Accumulated knowledge

Accumulated knowledge, the wide array of shit I've learned over the years.

Much of it has felt useless, but suddenly it's clicking, coming into play.

I'm reading Freakonomics. I like it; it's well written, and it makes a strong case for its arguments, in some respects.

But it also makes a lot of underlying assumptions that don't go analyzed. And it leaves out other information that would counter their point.

I only notice these things because of accumulated knowledge and years of political growth and perhaps just getting older.

The author wrote about increased imprisonment causing reductions in crime rates. And it said that everyone benefits, but it ignored an entire sect of the population that was going to prison, people that were not benefited.

People convicted of crimes, even if they completely deserve a sentence, still aren't likely benefited (in their own eyes) by prison. Certainly not all of them.

It makes lots of assumptions that are stated as known facts. And because there are so many statements in there which do seem to be well-substantiated, the other claims are easy to just accept.

(Such as writing "people that were not benefited" above. I don't know that, I just think it. It's an argument, not a fact.)

Until something is written that I know additional information about, or that just doesn't hit right.

The extremely long chapter on baby names closes with:

What the California names data suggest is that an overwhelming number of parents use a name to signal their own expectations of how successful their children will be.

"use a name to signal"

I'm naming my baby Fred because I think Fred will be successful in life.

"use a name to signal" suggests intent, and there are no sources provided to substantiate that.

There are sources discussed for data about how many babies were named what names.
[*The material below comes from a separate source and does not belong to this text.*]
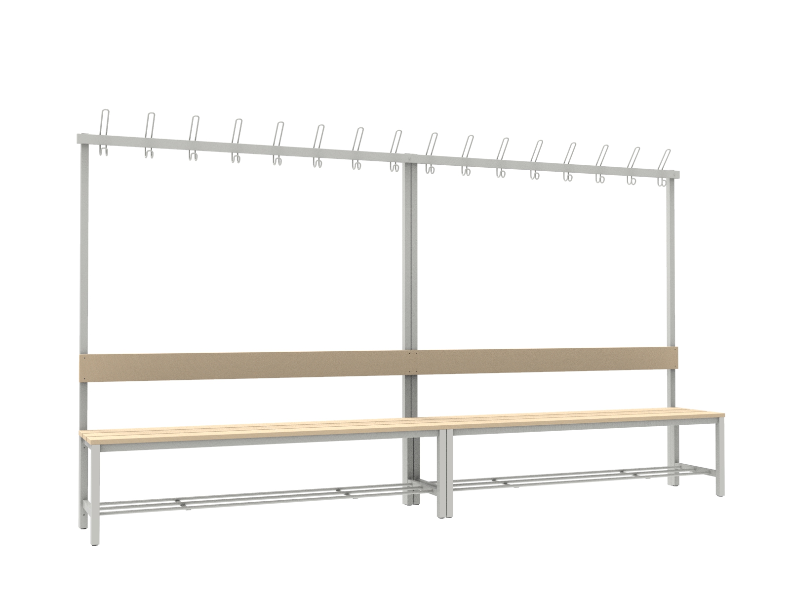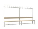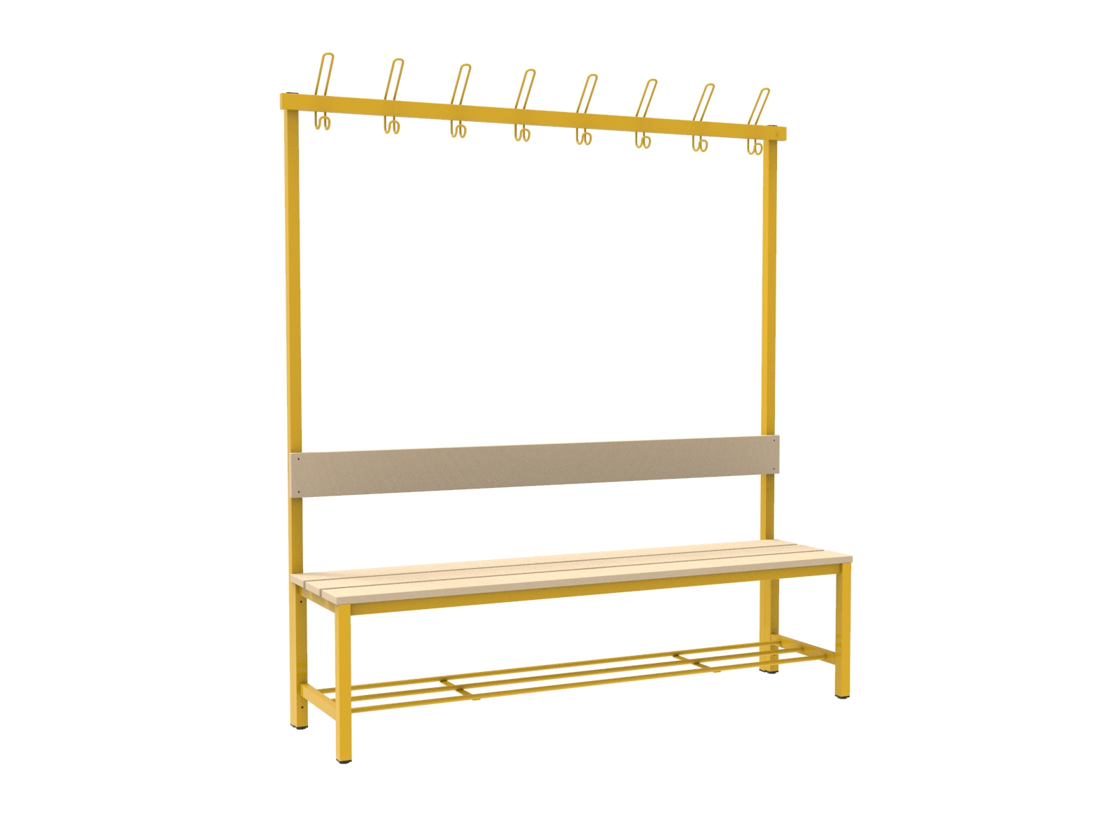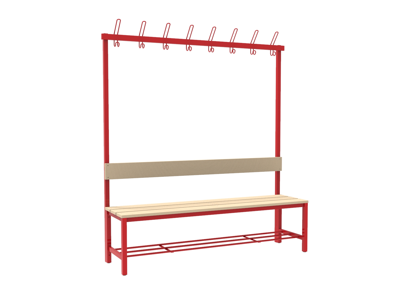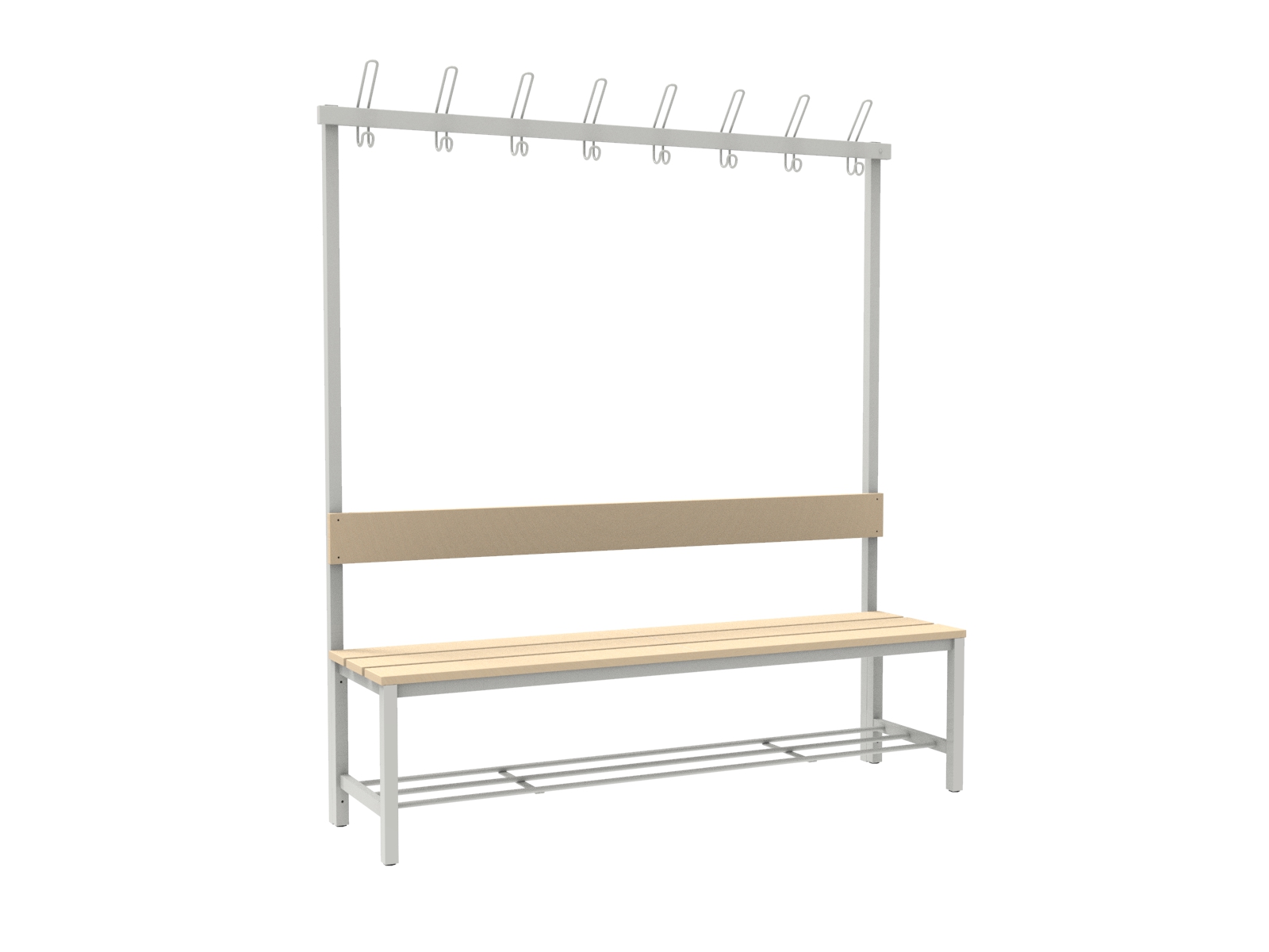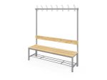 A vázszerkezet elektosztatikus porszórással felületkezelt 30×30 mm-es zártszelvényből készül 8 db rugalmas ruhaakasztó kampóval. A cipőtartó rács 13 mm-es acélcső pálcákból áll. A szintezhető lábdugók segítenek kiküszöbölni a padló egyenetlenségeit. Az ülőfelület és a háttámla lakkozott I. osztályú borovi fenyő lécekből készül.

None of those sources are said to include information about a parents' intent when naming their child, except one or two anecdotes, and those anecdotes don't support the conclusion!

One mother named her daughter Temptress because she misheard someone's name & miscopied it, and didn't know what a "temptress" was.

She did not name her daughter Temptress because she expected her daughter to be a temptress, per the authors' own words!

I have a better example for the accumulated knowledge thing, but I can't remember what it was. Ugh.

I still like the book. But I have to be more critical reading it than I realized when it was talking about sumo wrestlers and teachers cheating on SATs and a corporate bagel delivery business, things I know nothing about.

When it got onto abortion and crime and prison and other stuff I'm more informed on, some stuff wasn't sitting right, like oh buddy you're missing something important in your analysis.

I feel misled because I originally expected some kind of "objective economist" perspective. There's surely no such thing.

But I learned & kept reading. I'm happy to hear the arguments, and there's much on which I agree with the authors, a lot that does seem right.